What to work on: Nothing but the lines from the start of the entries through the line holding "Dôraz, ktorý Slováci" is to be repeated, exactly and with pictures excluded.

^^^^^^^^^^^^^^^^

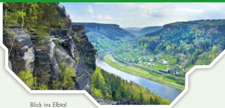
Blick ins Elbtal
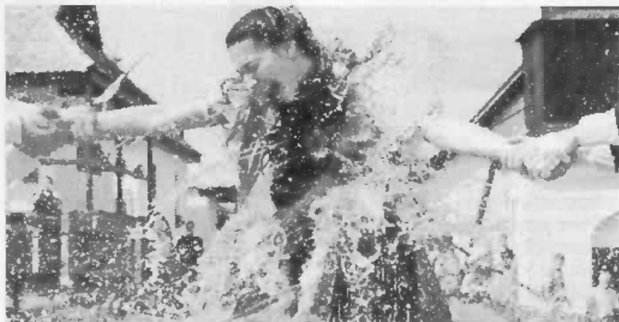
Veľkonočná oblievačka na východnom Slovensku.

Dôraz, ktorý Slováci kladú na jasne predkresťanskú veľkonočnú kú-
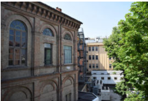
Fig. 5- Sulla sinistra una porzione dell'ala monumentale oggetto di futuri interventi di restauro. Sullo sfondo parte dell'ampliamento del 1976, oggetto della futura demolizione
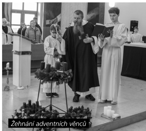
Žehnání adventních věnců
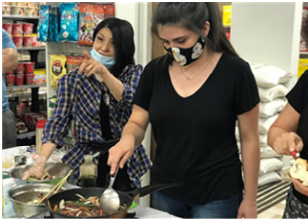
요리 시연 (불고기)
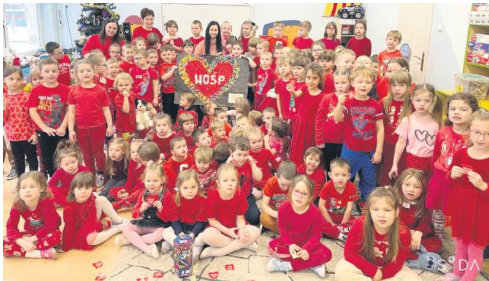
Finał WOŚP w Przedszkolu Miejskim nr 15 w Zamościu.

Dużym zainteresowaniem cieszyły się również aukcje Allegro, na których licytowanych było wiele przedmiotów i atrakcji, od spotkań i kolacji z wyjątkowymi
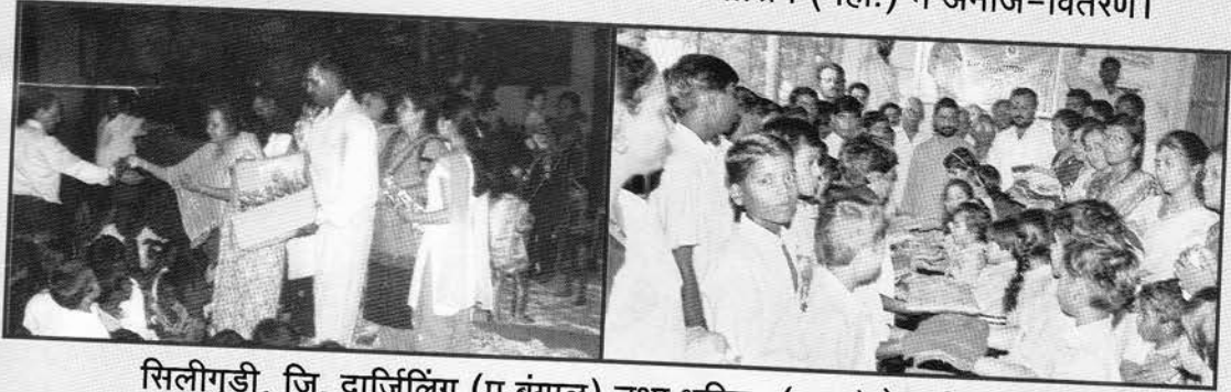
सिलीगुड़ी, जि. दार्जिलिंग (प.बंगाल) तथा धुलिया (महा.) के गरीब बालकों में कपड़े, मिठाई, सत्साहित्य व जीवनोपयोगी वस्तुओं का वितरण।
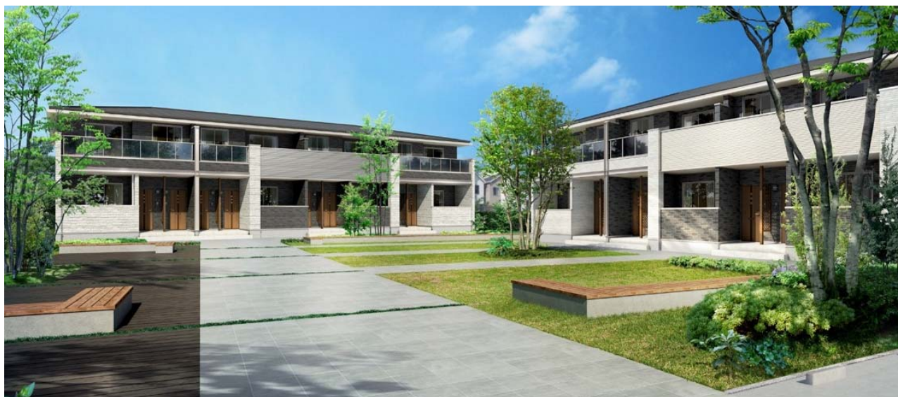
左:4戸並(南入)、右:3戸並(南入)
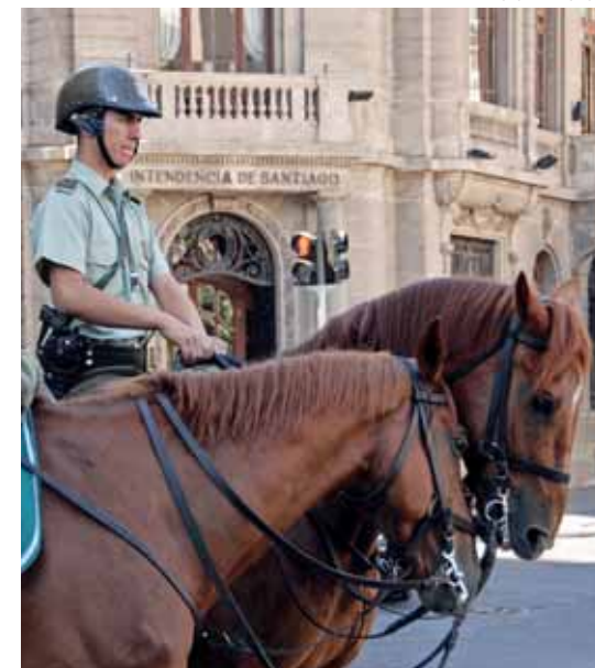
FOTÓ: HEILING ZSOLT
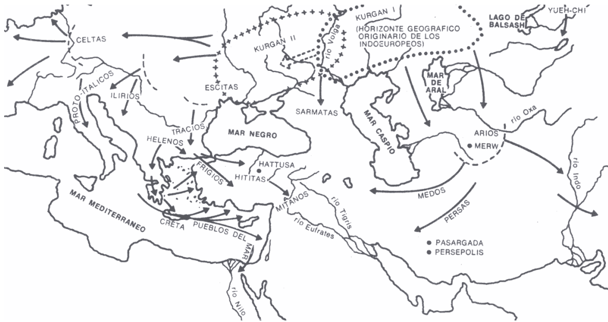
El mundo indoeuropeo originario.
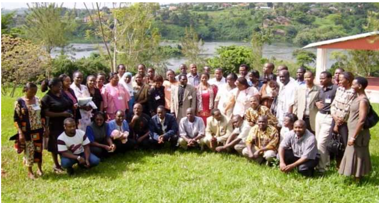
Ex becarios de Kenia, Uganda y Tanzania en la reunión de ex becarios de África Oriental en Jinja, Uganda, 2006.

En la parte occidental del país la asociación se encarga de moldear las actitudes hacia las prácticas del buen gobierno. Los trabajos de la asociación se concentrarán en el análisis de la eficacia de los servicios en un sistema descentralizado. La lucha contra los malos manejos de los recursos públicos será la clave de la intervención del colectivo en la zona central del país, particularmente en los distritos de Kampala y Mukono. La asociación planea ampliar el acceso a la justicia y la participación comunitaria en la impartición de justicia en el este de Uganda. Para ello, se han considerado las siguientes estrategias:
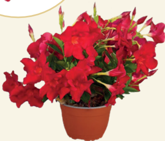
995220 BRILLIANT RED

Roșu intens, strălucitor Creștere medie, port erect

^^^^^^^^^^^^^^^^

Written response:
Blick ins Elbtal
Veľkonočná oblievačka na východnom Slovensku.

Dôraz, ktorý Slováci kladú na jasne predkresťanskú veľkonočnú kú-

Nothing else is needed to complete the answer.